Attribution and Biases
Social Influence and Persuasion
Group Behavior and Social Situations
Personality
Motivation
100

This belief leads people to assume that good things happen to good people and bad things happen to bad people.

Just-world hypothesis

100

Changing behavior to fit in with a group to gain approval or avoid rejection is known as this.

Conformity

100

This group decision-making problem occurs when the desire for harmony suppresses dissenting viewpoints.

Groupthink

100

This term refers to a characteristic pattern of behavior or a tendency to feel and act in certain ways.

Trait

100

Motivation driven by internal satisfaction, such as enjoyment or interest, is called this type of motivation.

Intrinsic motivation

200

Attributing your group’s success to ability while dismissing another group’s success as luck best illustrates this bias.

Ingroup bias

200

This route to persuasion relies on logical arguments and careful thinking.

Central route to persuasion

200

When people are less likely to help in an emergency because others are present, this is occurring.

Bystander effect

200

This theory emphasizes that personality is shaped by the interaction between personal factors, behavior, and the environment.

Social-cognitive theory

200

According to this theory, behavior is motivated by a desire to reduce physical discomfort and restore internal balance

Drive-reduction theory
300

This occurs when people explain their own failures by blaming the situation but explain others’ failures by blaming personal traits.

Self-serving bias

300

This compliance technique involves first agreeing to a small request before being asked for a larger one.

Foot-in-the-door phenomenon

300

This phenomenon occurs when individuals exert less effort when working in a group than when working alone.

Social loafing

300

Albert Bandura argued that learning can occur by watching others, a process known by this term.

Observational learning (modeling)

300

This theory proposes that autonomy, competence, and relatedness are essential psychological needs that support intrinsic motivation.

Self-determination theory

400

This bias causes people to overestimate how much others share their attitudes and beliefs.

False consensus effect

400

Persuasion based on attractiveness, emotion, or credibility rather than evidence uses this route.

Peripheral route to persuasion

400

Improved performance on simple or well-learned tasks in the presence of others is known as this.

Social facilitation

400

This concept explains how personal beliefs, behavior, and environmental factors all influence one another in a continuous loop.

Reciprocal analysis

400

This theory argues that people are motivated to maintain an optimal level of arousal—not too bored and not too stressed.

Arousal theory

500

This error involves overemphasizing dispositional factors and underestimating situational influences when judging others’ behavior.
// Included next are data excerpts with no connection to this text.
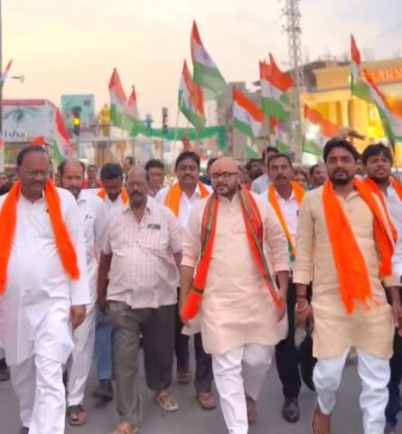 నల్గొండ పట్టణంలోని ఎన్జీ కాలేజీ నుండి క్లాక్టవర్ వరకు, ఉగ్రవాదులపై భారత సైన్యం విజయవంతంగా నిర్వహించిన “ఆపరేషన్ సింధూర్” విజయాన్ని పురస్కరించుకుని జాతీయ జెండాలతో విజయోత్సవ ర్యాలీ ఘనంగా నిర్వహించబడింది.ఈ సందర్భంగా దేశభక్తి నినాదాలతో మారుమోగిన నల్గొండ వీధుల్లో యువత ఉత్సాహంగా పాల్గొన్నారు.
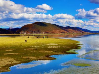 【納帕海】位於雲南省迪慶藏族自治州的香格里拉縣。建立於1984年。總面積31.25平方公里,海拔3266米,湖泊積水面積660平方公里。屬濕地生態類型保護區,主要保護對象為高原季節性湖泊、沼澤草甸,是黑頸鶴等候鳥越冬棲息地。這裡是中甸縣最大的草原,也是最富於高原特色的風景區之一。由於藏民的悉心愛護,每當秋季來臨,許多飛禽便光顧這裡,如黑頸鶴、黃鴨、斑頭雁在草原上空高飛低旋,情景頗惹心喜愛。
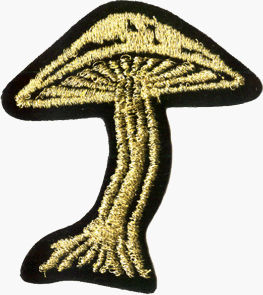 (Square Deal Recordings Supplies)/Accessories/Scarves/DIRECT FROM USA/Mushroom - Gold 'Shroom on Black - Embroidered Iron On or Sew On Patch
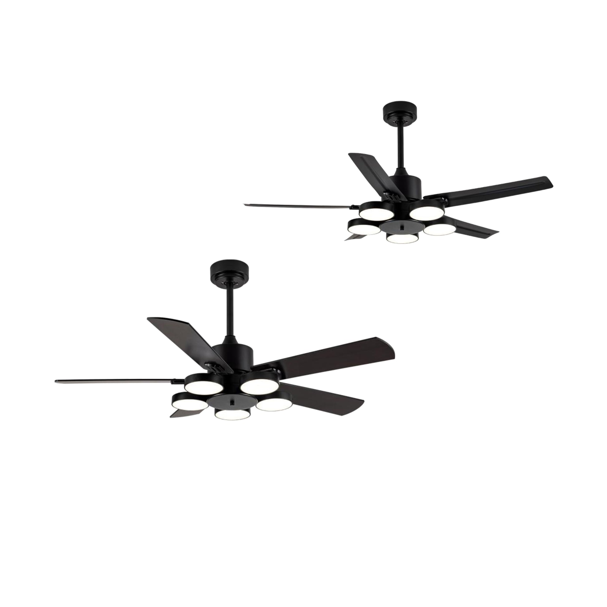 The Model 706A ceiling fan features a 52-inch design, making it perfect for larger rooms or open spaces. With a powerful 60W integrated LED module, it delivers bright, energy-efficient lighting in two color temperatures: 3000K (warm white) and 6000K (cool white). Finished in sleek black with a combination of wood and steel elements, this fan provides a modern industrial aesthetic with durability and performance.
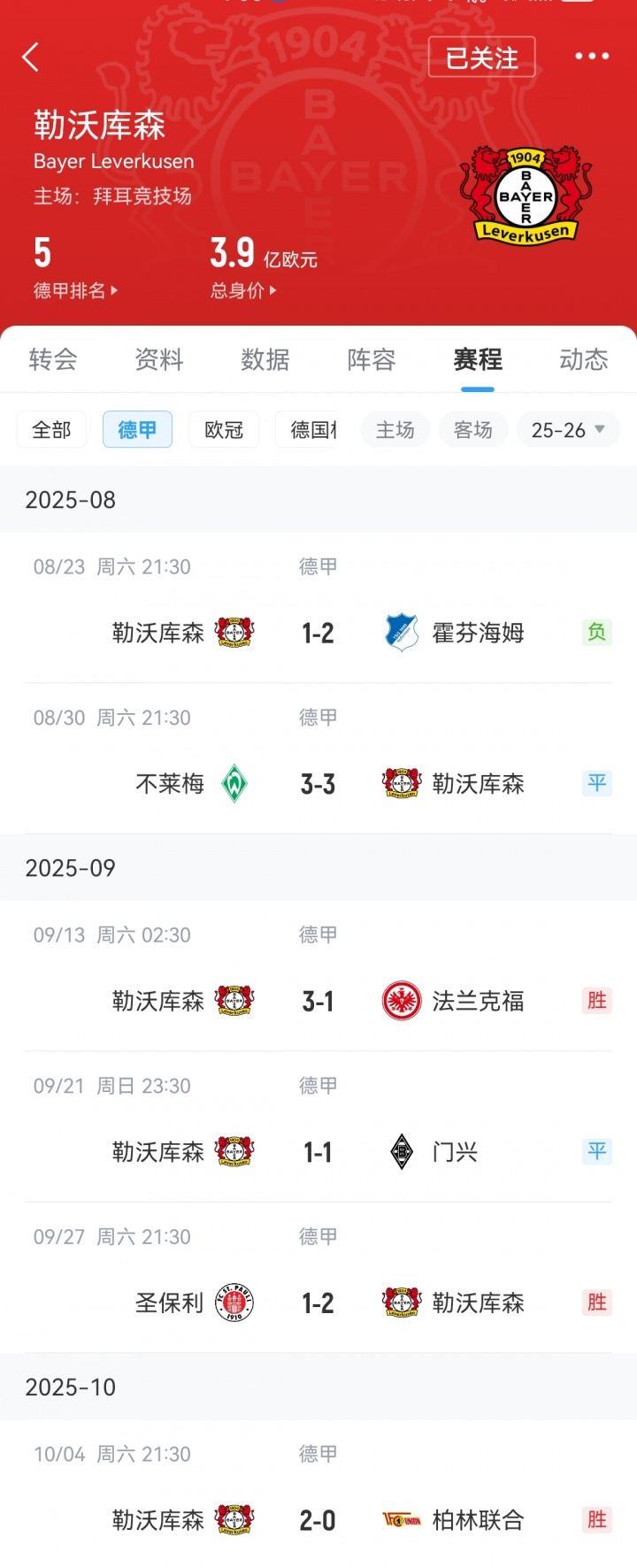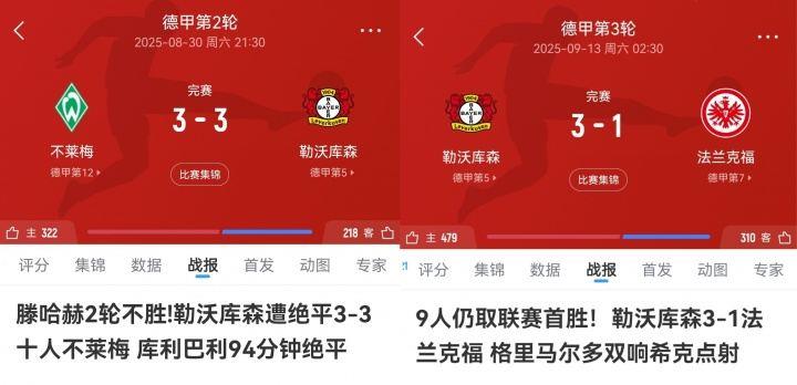 勒沃库森2-0柏林联合,近4轮3胜1平,球队在开局1平1负解雇主帅滕哈赫后,目前已经来到了德甲第五的位置。
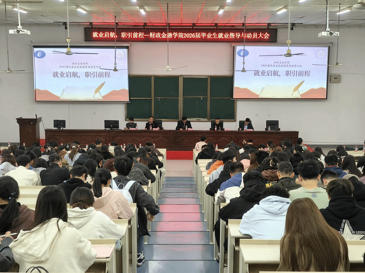为切实帮助2026届毕业生强化就业意愿、明确就业方向、提升就业竞争力,2025年10月23日,财政金融学院组织全体毕业生在2J01教室隆重召开“就业启航,职引前程”毕业生就业指导与动员大会。会议邀请了学校招生与就业指导中心主任刘振强、中国民生银行湘江新区支行行长张弦、优秀校友代表欧红生到会指导,学院院领导、各系主任、全体专兼职辅导员(班主任)参加了本次会议。会议由院党委书记肖燕飞主持。大会现场 贺慧真/摄学校招生与就业指导中心主任刘振强围绕大学生为什么要就业、...
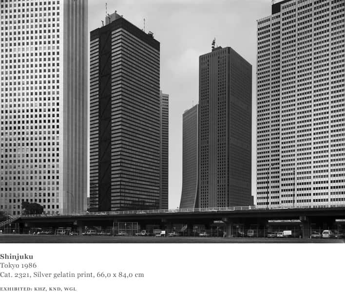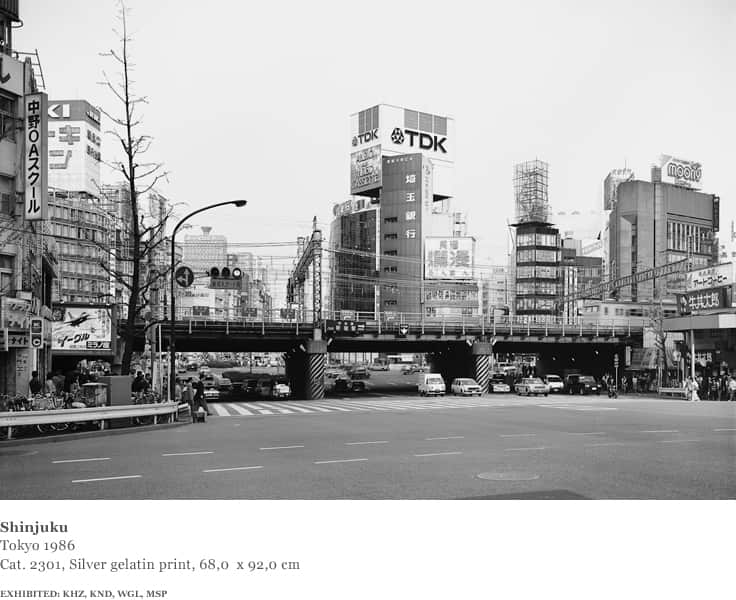 Struth spent three weeks in Yamaguchi, where the exhibition at the Shimada Gallery took place, then one week in Kyoto and one week in Tokyo. Japan offered an opportunity for Struth to extend further his project to photograph urban structures and space. He made a first group of work in Japan that he considered to be of interest, in the district of Shinjuku in Tokyo in 1986, picking up on some of the pictorial devices he had used in New York and in Europe. At the same time, he recognised that working in Japan necessitated a further loosening of a systematic approach to picture making.
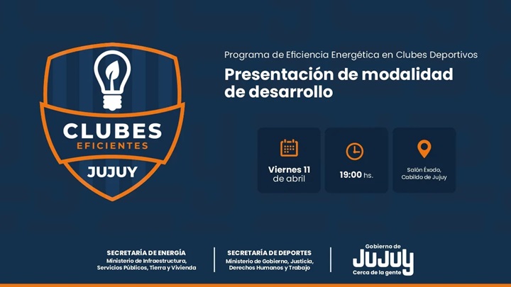 Las presentación se realizará este viernes 11 de abril en el Salón Éxodo, espacio que ofrece El Cabildo de Jujuy, a las 19.00hs. En la ocasión, autoridades de las Energía y de Deportes presentarán, ante representantes de los clubes deportivos que participarán, la modalidad de desarrollo prevista en ‘Clubes Eficientes’ para la implementación de medidas de eficiencia energética en los espacios de los clubes.
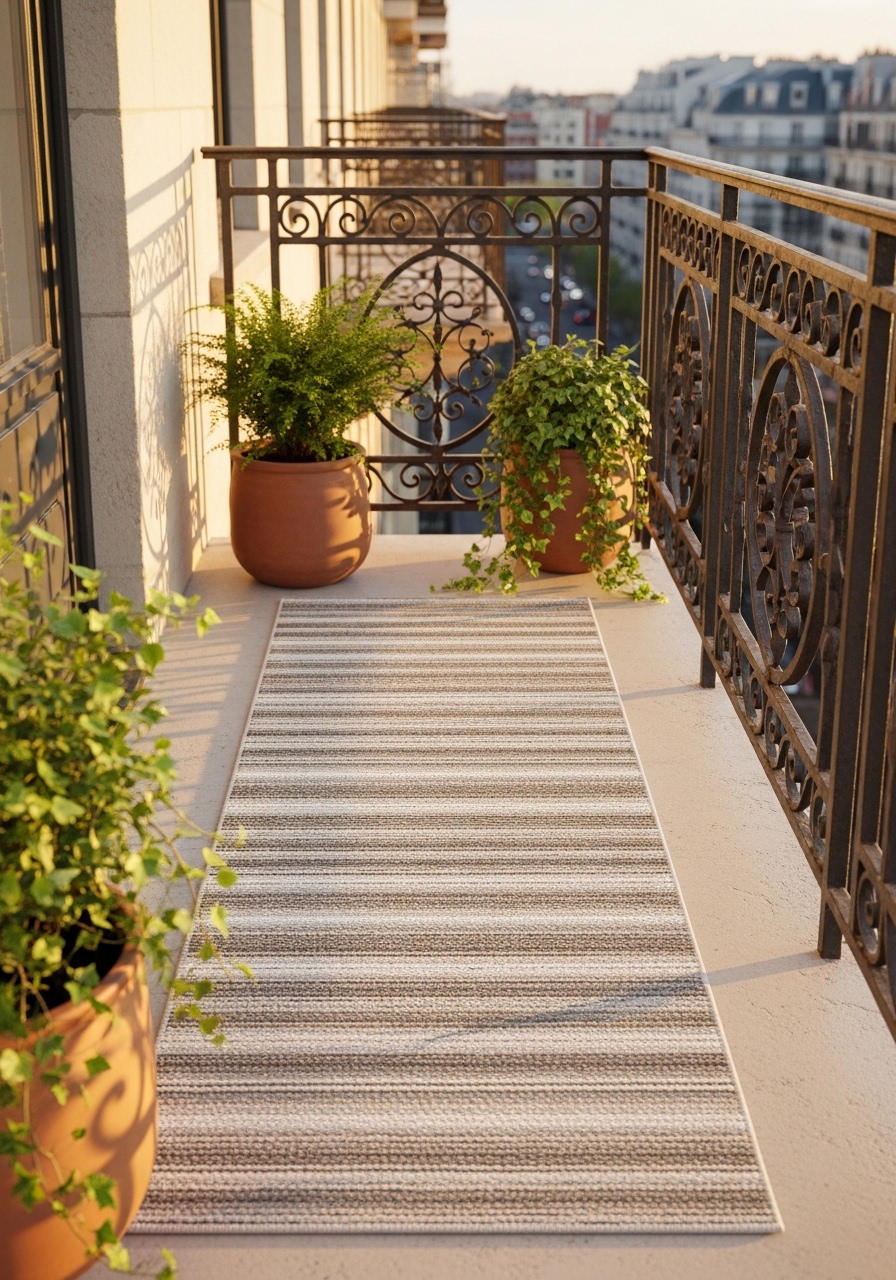 I use a 2.5×8 outdoor runner to define my balcony path. I linked 2.5×8 outdoor runner and balcony plant stand. Cost: $35–$120. It elongates space visually. Photos make runners look flat; in person choose low-pile for traffic. Styling tip: center runner with planters at ends. Mistake: picking a runner too narrow—aim for at least 24" wide.

Fundamental attribution error

500

Changing an attitude to reduce discomfort caused by conflicting beliefs and behaviors reflects this concept.

Cognitive dissonance

500

Anonymity, arousal, and reduced self-awareness leading to antisocial behavior best illustrate this concept.

Deindividuation

500

This statistical technique is used in trait theory to identify clusters of related traits by analyzing patterns in responses.

Factor analysis

500

This law shows that performance increases with arousal up to a point, after which performance declines as arousal becomes excessive.